Although HTTP is typically layered over a reliable transport 
protocol, such as TCP, this does not guarantee reliable transport of 
information from sender to receiver. Various problems, including 
undetected transmission errors, programming errors, corruption of 
stored data, and malicious intervention can cause errors in the 
transmitted information. 


A common approach to the problem of data integrity in a network 
protocol or distributed system, such as HTTP, is the use of digests, 
checksums, or hash values. The sender computes a digest and sends it 
with the data; the recipient computes a digest of the received data, 
and then verifies the integrity of this data by comparing the 
digests. 


Checksums are used at virtually all layers of the IP stack. However, 
different digest algorithms might be used at each layer, for reasons 
of computational cost, because the size and nature of the data being 
protected varies, and because the possible threats to data integrity 
vary. For example, Ethernet uses a Cyclic Redundancy Check (CRC). 
The IPv4 protocol uses a ones-complement checksum over the IP header 
(but not the rest of the packet). TCP uses a ones-complement 
checksum over the TCP header and data, and includes a "pseudo-header" 
to detect certain kinds of programming errors. 

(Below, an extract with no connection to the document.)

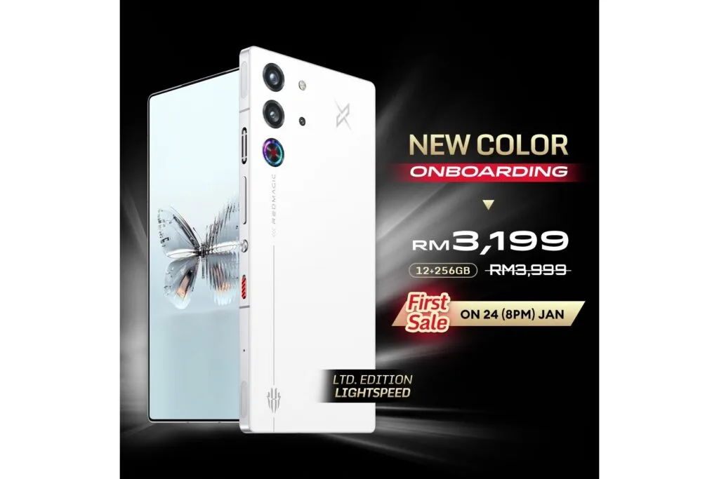 Next up, a brick that breaths. Seriously, REDMAGIC was serious with the gaming part of this phone, that it has a whirling fan inside that spins 23,000 revolutions per minute which keeps the Snapdagron 8 Elite cool under load. There’s a special launch exclusive colourway LightSpeed, alongside a special discount of RM800. This special edition is loaded with 12GB of RAM and 256GB of storage, 2688×1216 AMOLED 144Hz display, fed by a 6,500mAh battery.
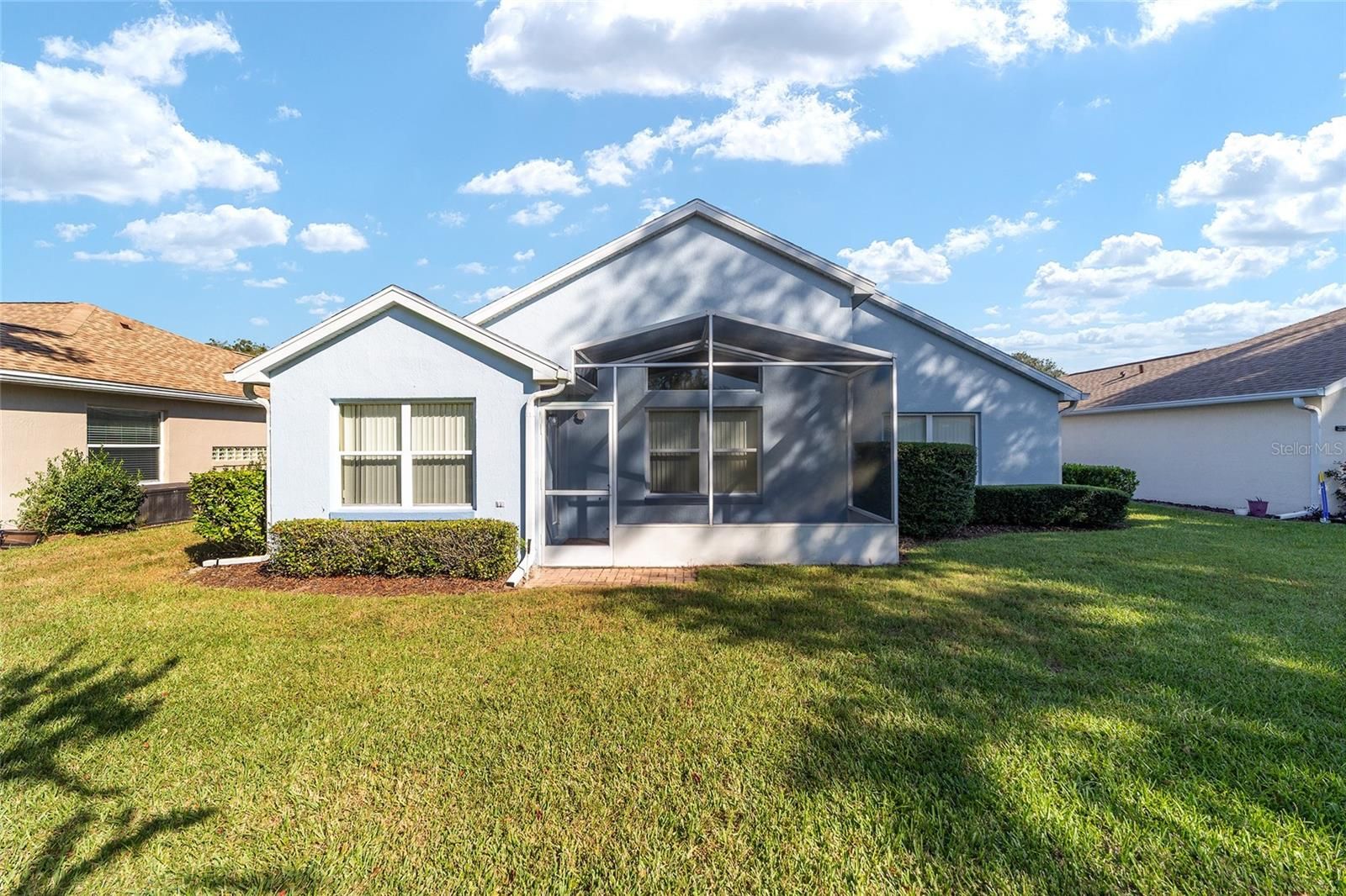 This rare Ocala model on a fully maintained lot lets you spend more time doing what you love. Located less than 1 mile from the Royal Oaks Golf Club and the Palm Grove Clubhouse, it is just a short golf cart ride to golf, swimming, a fitness center, and events like dancing, bingo and more. And you can ride down to the Orchid Club with so many more activities, as well as tennis and pickleball. This open concept, split plan with high ceilings is light and bright in every room! The spacious kitchen has a bar and opens to the living area, which is great for entertaining. The breakfast nook features a window overlooking the beautiful landscaping. And you can step right outside to the screened in patio where you can relax with a morning coffee and watch the birds begin their day. The spacious primary bathroom includes a double sink vanity and a step in shower with a built in shower bench. On the other side of your home is the guest bedroom, and bathroom with a granite countertop. A retractable garage screen door allows you to tinker in privacy with a breeze and natural light, and notice the double driveway with room for parking. Block construction with recent exterior paint, new roof in 2021 with a 50-year shingle manufacturer's warranty, and new AC in 2014. With all of this AND a community restaurant, this home offers the perfect balance of convenience and leisure. Embrace a low-maintenance lifestyle with easy access to all of the community’s best amenities. Your fully maintained lot includes regular mowing, irrigation, mulching, and pest control. Service fees include garbage and yard waste collection service, 24-hour security service, basic cable service, and use of all recreational facilities (except for the golf course). The property information provided is deemed to be true and correct, however, Keller Williams Realty Inc., nor its agents, guarantee the accuracy of the information. One photo is virtually staged.

HTTP/1.1 [4] includes a mechanism for ensuring message integrity, the 
Content-MD5 header. This header is actually defined for MIME- 
conformant messages in a standalone specification [10]. According to 
the HTTP/1.1 specification, 


The Content-MD5 entity-header field [...] is an MD5 digest of the 
entity-body for the purpose of providing an end-to-end message 
integrity check (MIC) of the entity-body. 


HTTP/1.1 borrowed Content-MD5 from the MIME world based on an analogy 


between MIME messages (e.g., electronic mail messages) and HTTP 
messages (requests to or responses from an HTTP server).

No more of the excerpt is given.